The priesthoods were charged with the worship of a specific divinity; the skilled colleges, on the other hand, were charged with the preservation of traditional rules regarding those more general religious observances, the proper fulfilment of which implied a certain amount of knowledge and rendered it necessary that the state in its own interest should provide for the faithful transmission of that knowledge.

These close corporations supplying their own vacancies, of course from the ranks of the burgesses, became in this way the depositaries of skilled arts and sciences.
Augurs--Pontifices Under the Roman constitution and that of the Latin communities in general there were originally but two such colleges; that of the augurs and that of the Pontifices.( 11) The six "bird-carriers" (-augures-) were skilled in interpreting the language of the gods from the flight of birds; an art which was prosecuted with great earnestness and reduced to a quasi-scientific system.
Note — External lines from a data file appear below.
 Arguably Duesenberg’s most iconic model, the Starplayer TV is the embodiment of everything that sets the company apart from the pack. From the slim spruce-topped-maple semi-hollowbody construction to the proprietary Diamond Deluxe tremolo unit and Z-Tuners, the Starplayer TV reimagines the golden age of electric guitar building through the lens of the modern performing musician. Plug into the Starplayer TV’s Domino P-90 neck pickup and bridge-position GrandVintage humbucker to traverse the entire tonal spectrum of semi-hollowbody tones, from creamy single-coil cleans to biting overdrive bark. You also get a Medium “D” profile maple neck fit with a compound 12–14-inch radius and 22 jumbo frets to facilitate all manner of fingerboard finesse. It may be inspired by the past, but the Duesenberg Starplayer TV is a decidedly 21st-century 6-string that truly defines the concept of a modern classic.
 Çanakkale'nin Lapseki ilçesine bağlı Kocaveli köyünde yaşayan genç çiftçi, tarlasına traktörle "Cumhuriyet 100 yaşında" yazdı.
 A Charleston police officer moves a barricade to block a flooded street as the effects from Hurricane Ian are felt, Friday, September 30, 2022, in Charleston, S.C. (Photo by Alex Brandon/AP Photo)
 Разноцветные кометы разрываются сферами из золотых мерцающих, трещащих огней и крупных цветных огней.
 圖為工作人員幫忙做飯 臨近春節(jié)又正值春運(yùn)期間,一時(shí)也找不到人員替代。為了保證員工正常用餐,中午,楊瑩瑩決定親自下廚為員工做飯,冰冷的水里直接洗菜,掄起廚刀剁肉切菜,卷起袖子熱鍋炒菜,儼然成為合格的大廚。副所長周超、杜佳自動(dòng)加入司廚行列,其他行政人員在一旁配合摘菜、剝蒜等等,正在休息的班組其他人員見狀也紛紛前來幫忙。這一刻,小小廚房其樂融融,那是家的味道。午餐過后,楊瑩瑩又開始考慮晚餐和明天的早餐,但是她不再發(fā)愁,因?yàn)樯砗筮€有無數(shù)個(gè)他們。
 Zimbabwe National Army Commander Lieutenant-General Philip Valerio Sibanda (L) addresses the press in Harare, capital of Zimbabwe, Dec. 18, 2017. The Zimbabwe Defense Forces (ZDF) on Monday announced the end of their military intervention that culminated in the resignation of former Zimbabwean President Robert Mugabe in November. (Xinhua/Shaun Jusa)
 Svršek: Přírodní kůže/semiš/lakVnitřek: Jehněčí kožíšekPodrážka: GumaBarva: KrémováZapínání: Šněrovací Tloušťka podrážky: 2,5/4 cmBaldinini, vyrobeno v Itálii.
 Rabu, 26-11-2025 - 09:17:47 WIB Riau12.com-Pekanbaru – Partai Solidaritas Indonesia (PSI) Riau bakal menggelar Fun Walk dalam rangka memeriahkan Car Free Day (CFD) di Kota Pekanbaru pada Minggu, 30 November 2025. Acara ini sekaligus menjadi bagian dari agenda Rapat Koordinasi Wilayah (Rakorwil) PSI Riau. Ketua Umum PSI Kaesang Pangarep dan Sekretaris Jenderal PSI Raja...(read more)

The six "bridge-builders" (-Pontifices-) derived their name from their function, as sacred as it was politically important, of conducting the building and demolition of the bridge over the Tiber.

They were the Roman engineers, who understood the mystery of measures and numbers; whence there devolved upon them also the duty of managing the calendar of the state, of proclaiming to the people the time of new and full moon and the days of festivals, and of seeing that every religious and every judicial act took place on the right day.